The kids—my youngest daughter in particular—were very disappointed. However, I did a very wise thing: I said, “Look, you’ve got your swim things on. Why not go out and dance around in the rain?”
And they did! I don’t remember if I myself went out and danced in the rain. Probably not. But I should have.
“A HAPPY NEW DAY!”
DTEB, “A HAPPY NEW DAY!”
Have you ever thought about how arbitrary some of our transitional times are? And perhaps we are biting off more than anyone can chew when we start thinking and talking about a year.
Here is my journal entry for today.
Monday, December 31, 2018
“Finish each day and be done with it. Tomorrow is a new day; begin it well.”
(Ralph Waldo Emerson)
The last day of the year. I wonder if we don’t make too much of these transitions. They are artificial, and perhaps not all that helpful or important.
“This is the day that the LORD has made” (Psalm 118:24) may be said of any day. Perhaps the morning and night are the real transitions.
Paul speaks of daily transformation in 2 Corinthians 4:16: “So we do not lose heart. Though our outer self is wasting away, our inner self is being renewed day by day.”
In 3:18—just a few verses before the “day by day” of 4:16—Paul notes that “. . . we all, with unveiled face, beholding the glory of the Lord,are being transformed into the same image from one degree of glory to another. For this comes from the Lord who is the Spirit.”
I found the comments of Colin G. Kruse so helpful that I copied and pasted them below, even though I generally hate long quotes.

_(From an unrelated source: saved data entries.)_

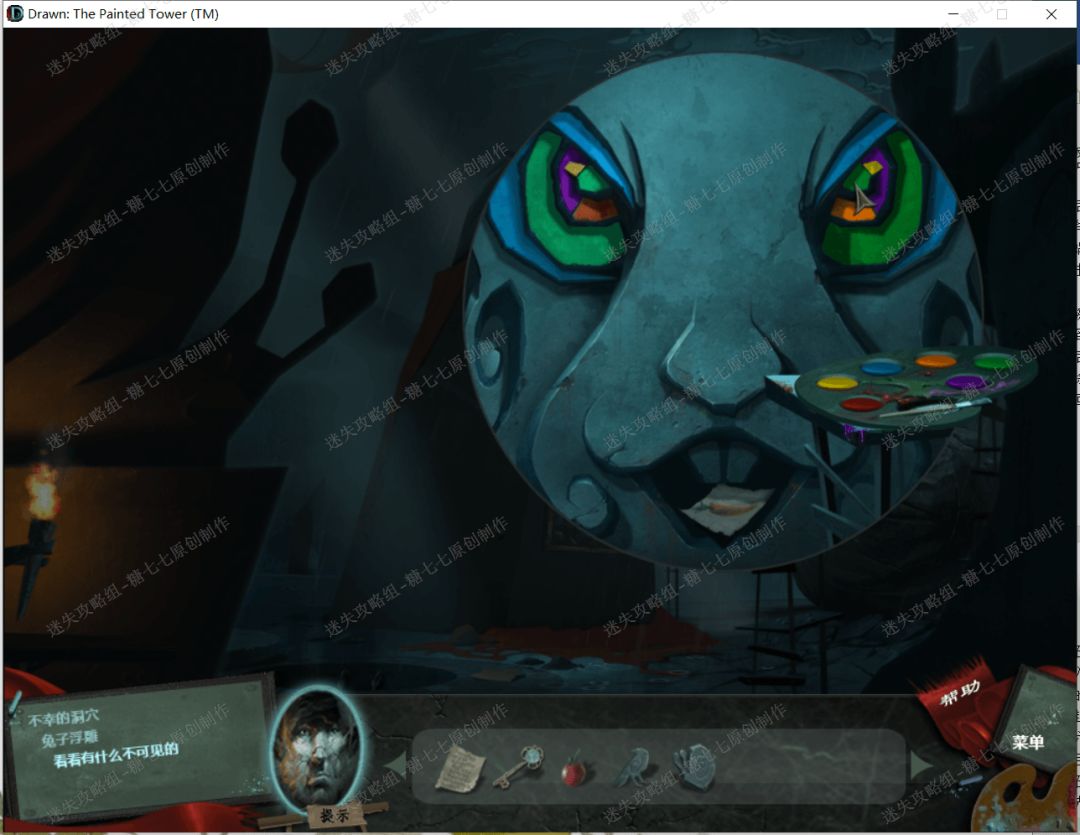 11、 然后再回到大厅,啊调色板放在右边的兔子雕像上面的右边的手脚架上,再把兔子的左眼涂成和右眼一样的颜色,然后就可以拿到兔子嘴中的胡萝卜图画。如图所示.
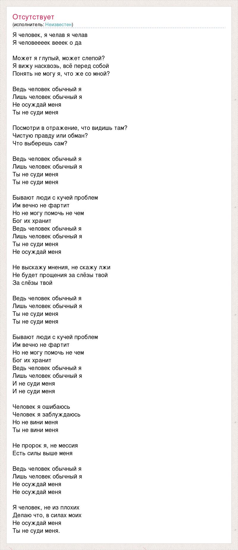 Я человек, я челав я челав Я человеееек вееек о да Может я глупый, может слепой? Я вижу насквозь, всё перед собой Понять не могу я, что же со мной? Ведь человек обычный я Лишь человек обычный я Не осуждай меня Ты не суди меня Посмотри в отражение, что видишь там? Чистую правду или обман? Что выберешь сам? Ведь человек обычный я Лишь человек обычный я Ты не суди меня Ты не суди меня Бывают люди с кучей проблем Им вечно не фартит Но не могу помочь не чем Бог их хранит Ведь человек обычный я Лишь человек обычный я Ты не суди меня Не осуждай меня Не выскажу мнения, не скажу лжи Не будет прощения за слёзы твой За слёзы твой Ведь человек обычный я Лишь человек обычный я Ты не суди меня Ты не суди меня Бывают люди с кучей проблем Им вечно не фартит Но не могу помочь не чем Бог их хранит Ведь человек обычный я Лишь человек обычный я И не суди меня И не суди меня Человек я ошибаюсь Человек я заблуждаюсь Но не вини меня Ты не вини меня Не пророк я, не мессия Есть силы выше меня Ведь человек обычный я Лишь человек обычный я Не осуждай меня Не осуждай меня Я человек, не из плохих Делаю что, в силах моих Не осуждай меня Ты не суди меня.
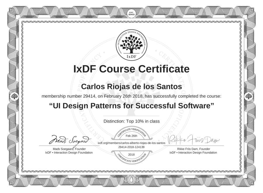 Carlos Riojas de los Santos's IxDF Course Certificate: UI Design Patterns for Successful Software
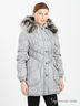 Куртка на молнии, молния закрыта планкой с кнопками, по капюшону мех, на руковах и по талии вставлен ремень из ткани
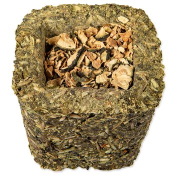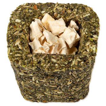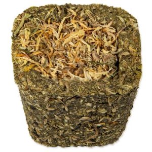 Zloženie: hrach, škrob, semená tráv, semená kanárskych tráv, sušené žihľavy 4,8 %, pohánka, sušená petržlen 1,8 %, sušená mrkva 1,7 % Náplň (sušená mrkva 0,4 %/ sušený pastinák 0,4 %/ sušená cuketa 0,3 %/ sušené kvety nechtíka lekárskeho 0,3 %/ sušené kvety nevädze 0,3 %), konopné semeno, ľanové semeno, semená feniklu, sušená mäta pieporná 1,2 %, sušená púpava 1 %, semená čiernej rasce.
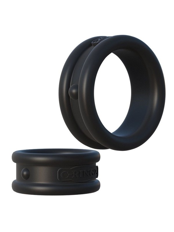 Set de dos anillos con diferentes medidas para que lo utilices en el pene y los testículos. Están fabricados en Silicona Elite muy comfortable de color negro y tienen un grosor de un centímetro aprox, algo ideal para utilizarlo en largas sesiones de sexo. Los dos tienen diferentes diámetros, así podrás encontrar el tamaño exacto o podrás utilizar varios al unísono.
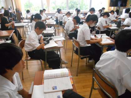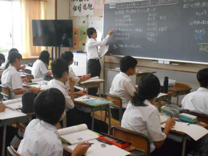 数学の授業では、教育実習生の先生と「文字式を利用して2つの重さの関係を表す」ことに取り組みました。課題はクリアできたでしょうか。

“And we all … are being changed into his likeness from one degree of glory to another. It is important to note that the changing into his likeness takes place not at one point of time, but as an extended process. The verb metamorphoumetha (‘we are being changed’) is in the present tense, indicating the continuous nature of the change, while the words from one degree of glory to another stress its progressive nature. The verb metamorphoō is found in three other places only in the New Testament. It is used to describe Jesus’ transfiguration in Matthew 17:2 and Mark 9:2, and Paul uses it in Romans 12:2 to denote moral transformation (‘Do not be conformed to this world but be transformed by the renewal of your mind’).
Paul speaks often of the transformation of believers in other passages, though words other than metamorphoō are employed. In some cases he has in mind the future transformation of believers’ bodies to be like Christ’s glorious body (1 Cor. 15:51–52; Phil. 3:21). In other cases it is clearly a present moral transformation that is in view (Rom. 6:1–4; 2 Cor. 5:17; Gal. 6:15). The Old Testament prophets who spoke beforehand of the new covenant certainly anticipated a moral transformation of those who were to experience its blessings (Jer. 31:33; Ezek. 36:25–27), and Paul saw this expectation fulfilled in the lives of his converts (1 Cor. 6:9–11; 2 Cor. 3:3). These last references, together with Romans 12:2 cited above, provide the clue to Paul’s meaning in the present context. The continuous and progressive transformation by which believers are changed from one degree of glory to another is the moral transformation which is taking place in their lives so that they approximate more and more to the likeness of God expressed so perfectly in the life of Jesus Christ.”[1]
So, rather than simply wishing you a happy New Year (which I do!), let me give you an even deeper wish: May you have a happy new day!
[1] Colin G. Kruse, 2 Corinthians: An Introduction and Commentary, TNTC 8; IVP/Accordance electronic ed. (Downers Grove: InterVarsity Press, 1987), 101-102.